A King, a Peasant, and a Vineyard

Scripture:   1 Kings 21;  Matthew 22.37-40

‘The story of Naboth is an old one, but it is repeated every day.’    [St. Ambrose]

More than a millennium later, this biblical tale was invoked by the Hawaiian Queen, Lili’ukalani.  In a letter to the American people, written after her arrest in 1898, after the U.S. government in cahoots with local Americans and American business interests had overthrown her traditional rule and annexed the island, the Queen, a devout Christian appealed to the American conscience:   ‘Oh honest Americans, as Christians hear me for my downtrodden people! . . . Quite as warmly as you love your country, so they love theirs. With all your goodly possessions, covering a territory so immense that there yet remain parts unexplored . . . do not covet the little vineyard of Naboth’s, so far from your shores, lest the punishment of Ahab fall upon you, if not in your day, in that of your children.’   Her plea was ignored.
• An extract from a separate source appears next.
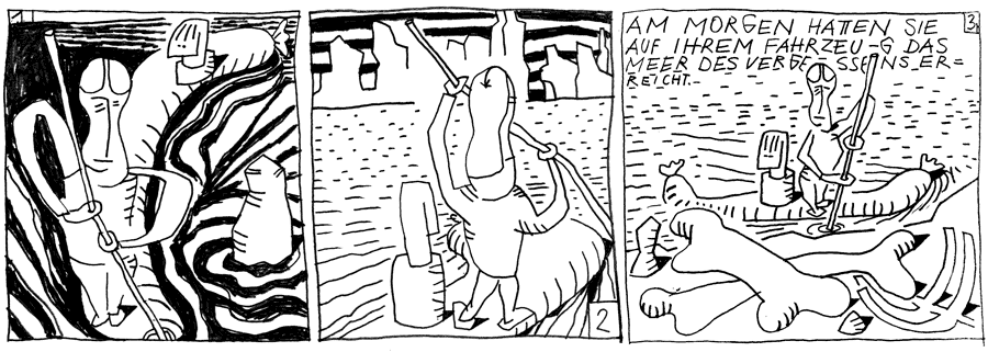 | (9 / 10) Die Antwort auf Melos Fragen liegt im Meer des Vergessens, dessen Zufluß sie im Morgengrauen erreichen. Auf dem Rücken der Wurst schwimmen sie der aufgehenden Sonne entgegen. Die Fahrt führt an prähistorischen Stätten vorüber. Am Meeresrand entdecken sie die bleichen Reste uralten Vergessens. Sie liegen vor einer schwarzen Höhle. |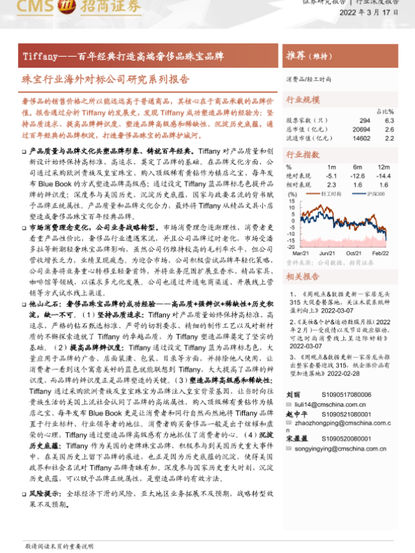 【海通证券】【20220317】珠宝行业海外对标公司研究系列报告:Tiffany,百年经典打造高端奢侈品珠宝品牌-15页 行业研究

Sadly, invaders and settlers from Europe deprived many of the native Naboth’s of their ancestral homes in North & South America, a legacy we continue to grapple with to this day.

For reflection:

          Why won’t Naboth sell his vineyard?  Ahab’s offer seems fair.

          Note the repeated use of the words ‘take possession’ in the story.

          Why does Elijah refer to Naboth’s vineyard when it has clearly become the property of Ahab and Jezebel?

          Who are the Ahabs and Naboths of our day?

Our movie of the week is Macbeth.  What connections do you see between Shakespeare’s story and the Biblical story?